When the invitation arrived it advised a hat was required.  It also advised that National Costume was permitted and I seriously considered rigging myself out in the pointy black hat and red flannel  shawl but in the end decided against it.  Partly due to laziness (adult size Welsh costume is not the easiest thing to get hold of and the stuff available on the Internet is all of the saucy Welsh costume variety) and partly because when I googled the history of the Welsh costume it seemed that our current Welsh costume is just what rural Welsh people were wearing back in the late eighteenth century so not exactly the forward thinking, vibrant, multi-cultural, business minded Wales of today.    So I shelved that idea and borrowed a hat from Nannie for the occasion.

So, what’s it like?

  • Much easier to get in than you might think – I expected some sort of rigorous search or at least some questioning about the amount of time I spent picketing South Africa house back in the early eighties but a flash of the passport and my husband and I were in.
  • Much nicer round the back of Buckingham Palace than at the front.  The front looks a bit like a prison but the back is a soft orange colour, like the houses in Bath, and it’s quieter and of course there’s a big garden with a lake.
  • They manage to serve tea to 7,500 people very efficiently  – cucumber sandwiches with the crusts cut off, fruit cake, victoria sponge – and a really good cup of tea.    I had two cups.  And another piece of cake if you must know.
  • Other nations do prettier national costumes than us – saris knock the spots of black pointy hats and prickly flannel shawls.   I think I might have seen one lady dressed up either in Cornish dress or Irish.  Either that or she’d actually chosen to look a bit like a milking maid in a green flannel frock.
  • Cameras are forbidden but twenty minutes before the end, everyone was whipping out their mobile phones.  To start with it was surreptitious but as soon as people realised the Secret Service didn’t suddenly swoop down on a wire and grab you,  everyone was at it.
  • There were a huge variety of people there – lots of chains of office and armed forces ; a good few women who thought they were going for a boozy afternoon at Ladies Day in Ascot orange fake tan the lot;  a gay couple with mohicans (short ones) wearing suits and with those big holes in their ears (don’t get those); lots of flowery frocks and sensible shoes with Amercan tan tights; and, Mr Griffin please note,  lots and lots of different colour skins.

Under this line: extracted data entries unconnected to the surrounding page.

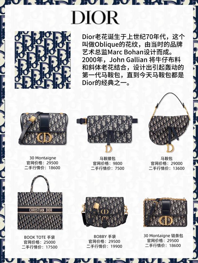 Dior老花诞生于上世纪70年代,这个叫做Oblique的花纹,由当时的品牌艺术总监Marc Bohan设计而成。2000年,John Gallian 将牛仔布料和斜体老花结合,设计出引起轰动的第一代马鞍包,直到今天马鞍包都是Dior的经典之一。
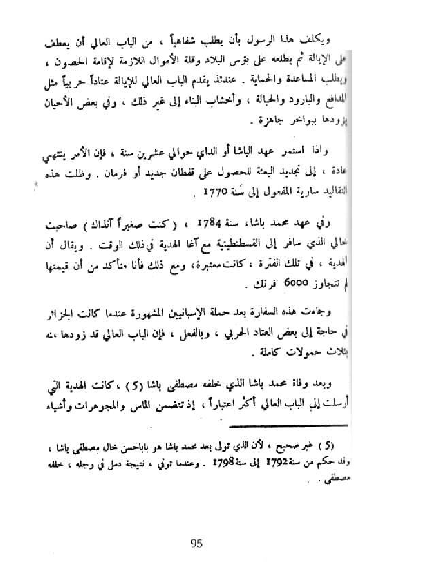وفي عهد محمد باشا، سنة 1784، (كنت صغيرا آنذاك) صاحبت خالي الذي سافر إلى القسطنطينية مع آغا الهدية في ذلك الوقت. ويقال أن الهدية، في تلك الفترة، كانت معتبرة، ومع ذلك فأنا متأكد من أن قيمتها لم تتجاوز 6000 فرنك.
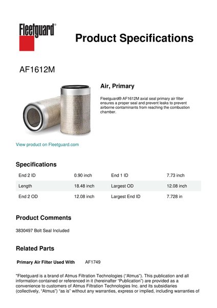 Fleetguard® AF1612M axial seal primary air filter ensures a proper seal and prevent leaks to prevent airborne contaminants from reaching the combustion chamber.
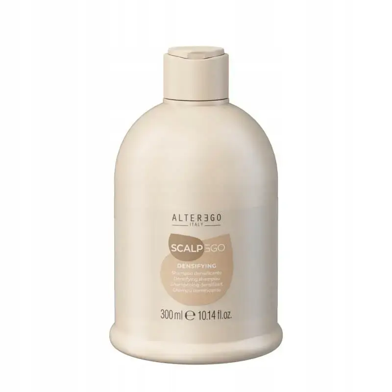 Alter Ego ScalpEgo Densifying Szampon zagęszczający włosy 300ml Twoje włosy są cienkie, delikatne? Zdarza się, że wypadają? Chcesz je wzmocnić? Przywrócić im siłę i blask i zahamować wypadanie? Zastosuj szampon Alter Ego Densifying! Alter Ego ScalpEgo Densifying to linia produktowa, która powstała w myśl pielęgnacji kruchych, osłabionych włosów, z tendencją do wypadania. . Szampon Densifying delikatnie ale skutecznie oczyszcza włosy i skórę głowy z wszelkich zanieczyszczeń, pozostawiając na długi czas uczucie lekkości i świeżości. Receptura oparta na wielu drogocennych składnikach aktywnych, które odżywiają, nawilżają, pobudzają i kondycjonują . Kosmetyk działa stymulująco na cebulki co powoduje wzrost włosów oraz zagęszczająco, poprzez pogrubienie włókien włosowych. Pielęgnacja tym preparatem zapewnia zdrowie, siłę oraz przywraca naturalny blask włosów. Zawiera: . - sfermentowany owies : oczyszcza, przywraca równowagę, działa przeciwzapalnie. - kofeinę: działa pobudzająco na mikrokrążenie skóry głowy, stymuluje cebulki do wzrostu. - keratynę: nadaje włosom objętości, pogrubia włókna, uzupełnia ubytki w strukturze włosów. - spirulinę: działa nawilżająco i przeciwzapalnie, chroni włosy przed szkodliwymi czynnikami zewnętrznymi. Właściwości: . - szampon do codziennego stosowania . - skutecznie oczyszcza włosy i skórę głowy . - nie obciąża . - przywraca skórze równowagę . - pobudza cebulki do wzrostu . - wzmacnia włosy . - pogrubia włókna . - dodaje objętości . - uzupełnia ubytki w strukturze włosów . - regeneruje i nawilża . - pozytywnie wpływa na kondycję włosów. . Sposób użycia: . Nanieś porcję szamponu na mokrą skórę głowy i włosy. Masuj skalp do chwili uzyskania piany, a następnie rozprowadź ją na długości włosów, po czym dokładnie spłucz wodą.
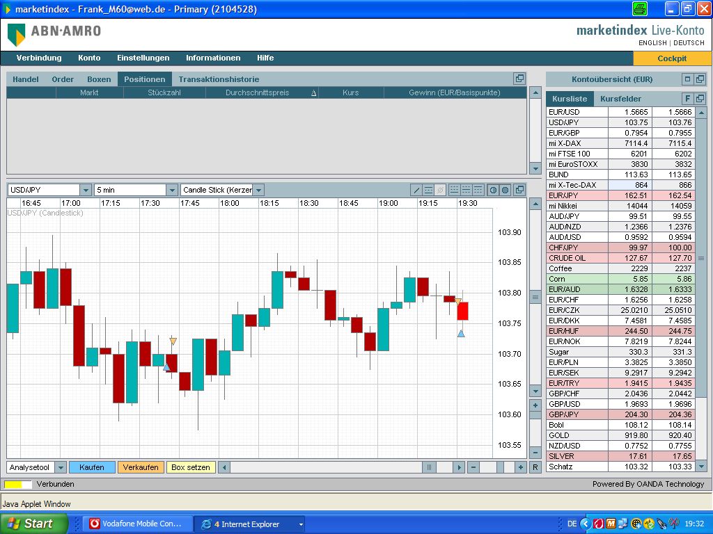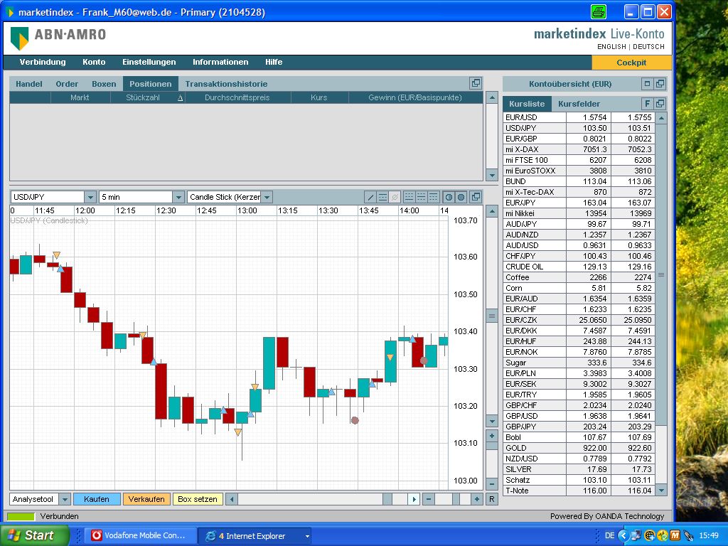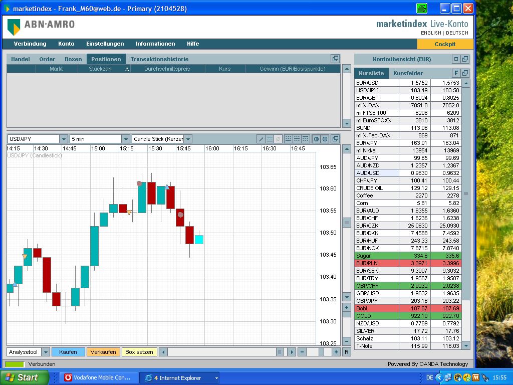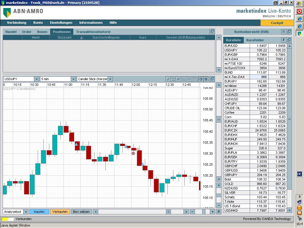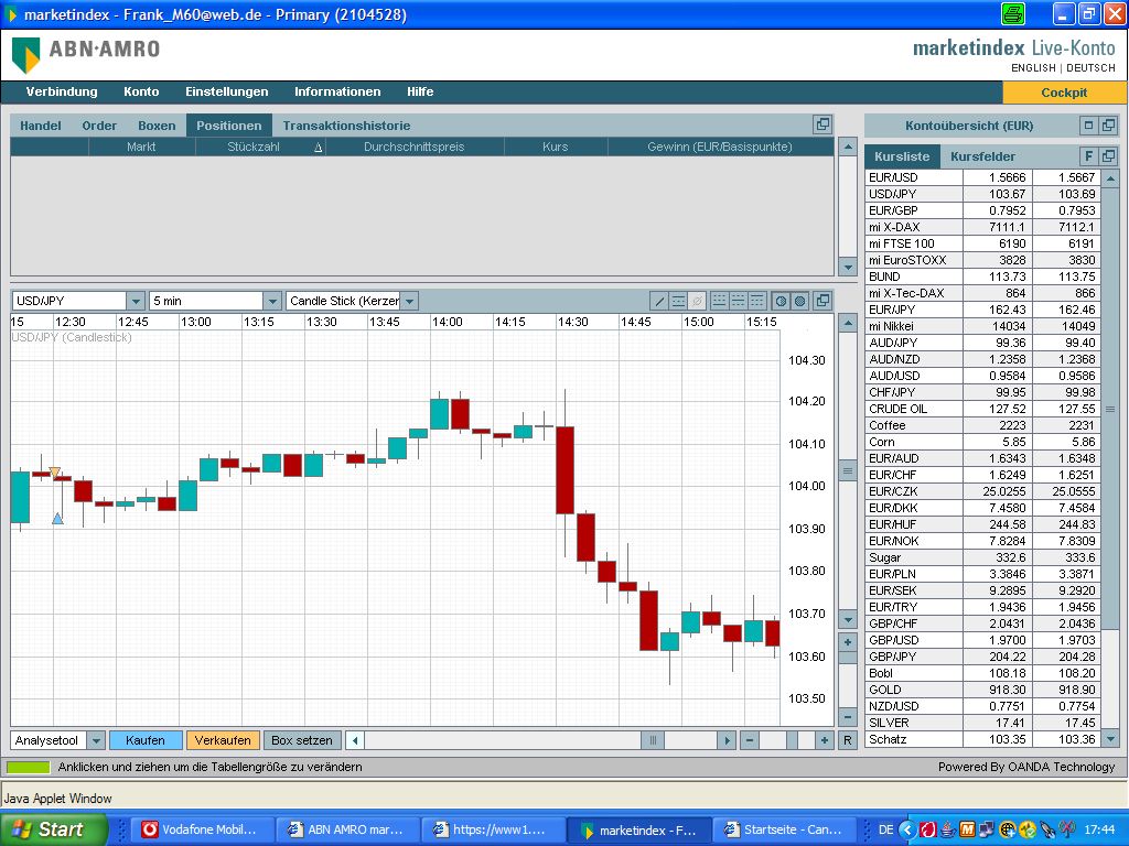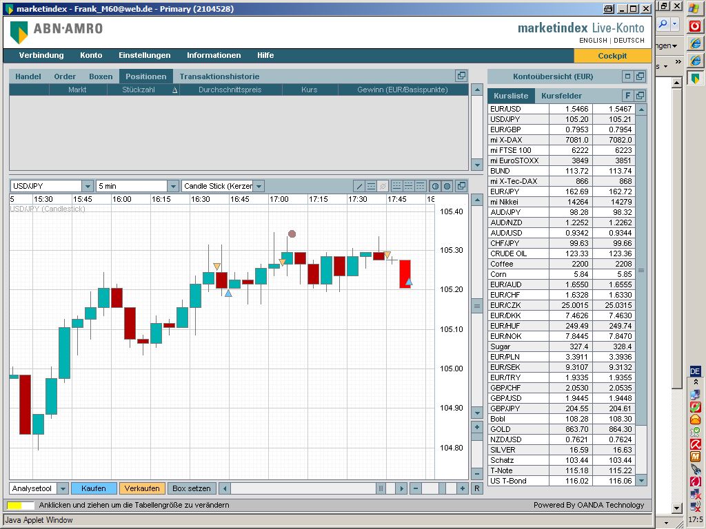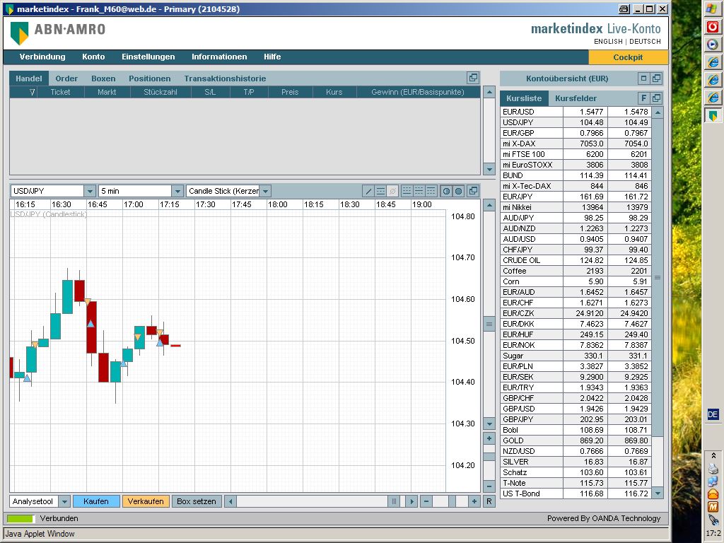Trade4:Hammer,wo dieser Stopp herkommt,weiß ich selber nicht.Hatte ihm auch ein Pünktchen Luft gegeben u. hätte nicht ausgeöst werden.Aber sei es drum,ich bin selber Schuld.Hab z.Z.wieder nach vielen schönen Tagen Probleme mit meiner Internetverbindung(im Techniktread beschrieben)Denn just während dieses Trades,brach die Verbindung ab.Als ich wieder einloggte,sah ich die Bescherung.Trotzdem bin ich mir sicher,daß die Stopplinie höher lag.Hat vielleicht der Abbruch den Stopp nach unten gezogen ;) Aber wie gesagt,hätte ich diesen Trade gar nicht mehr machen dürfen.Zu guter letzt noch ein Hammer

The best bit for me by far was when Her Majesty passed right by us, about two yards away.  Not for my benefit but for the eighty year old lady next to me who was an ardent Royalist and was so pleased and proud to be that close to the Queen that tears shone in her eyes.    That was moving that was.    And the Queen, who is 85 and small and looks rather like my Gran these days, worked hard for a good few hours, talking to people and making them feel special.  Which is I think pretty much the Royal Family’s job these days and one which the Queen is rather good at.